EXERCISE BRIEF
For this exercise, an exact copy is needed of only the lines from the one containing "Radiant serenity and" through the end of the data, with pictures left out.
☆ ☆ ☆ ☆ ☆
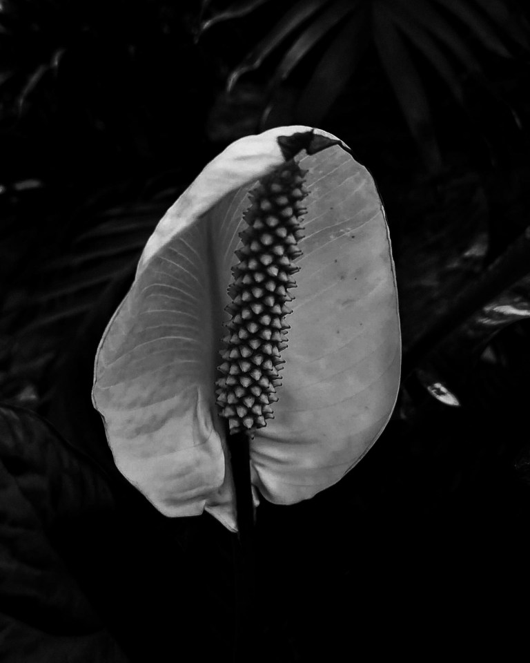 This stunning black and white capture of a peace lily highlights the intricate textures and serene beauty of this plant. There’s something timeless about the simplicity and grace of nature, even when stripped of color.
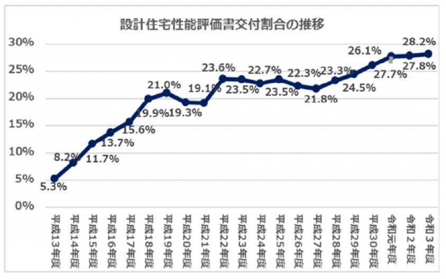 新設住宅着工戸数(86万5909戸)に対する設計住宅性能評価書の交付割合は28.2%で、6年連続の増加となった。
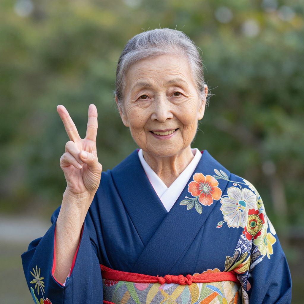 Radiant serenity and timeless joy intertwine in this portrait of an elderly Japanese woman adorned in vibrant traditional attire, her gentle smile and peace sign echoing a harmonious blend of cultural heritage and enduring optimism.
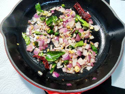 - Saute for a minute and add onions and green chilies. Saute for 4 to 5 mins until transparent.
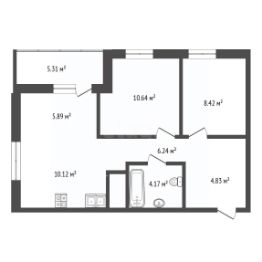 - Отделка стен - краска; пол в жилых зонах - ламинат, в ванной и прихожей - керамогранит; стены ванной - керамогранит;
☆ ☆ ☆ ☆ ☆
RESULT OF THIS EXERCISE
 Radiant serenity and timeless joy intertwine in this portrait of an elderly Japanese woman adorned in vibrant traditional attire, her gentle smile and peace sign echoing a harmonious blend of cultural heritage and enduring optimism.
 - Saute for a minute and add onions and green chilies. Saute for 4 to 5 mins until transparent.
 - Отделка стен - краска; пол в жилых зонах - ламинат, в ванной и прихожей - керамогранит; стены ванной - керамогранит;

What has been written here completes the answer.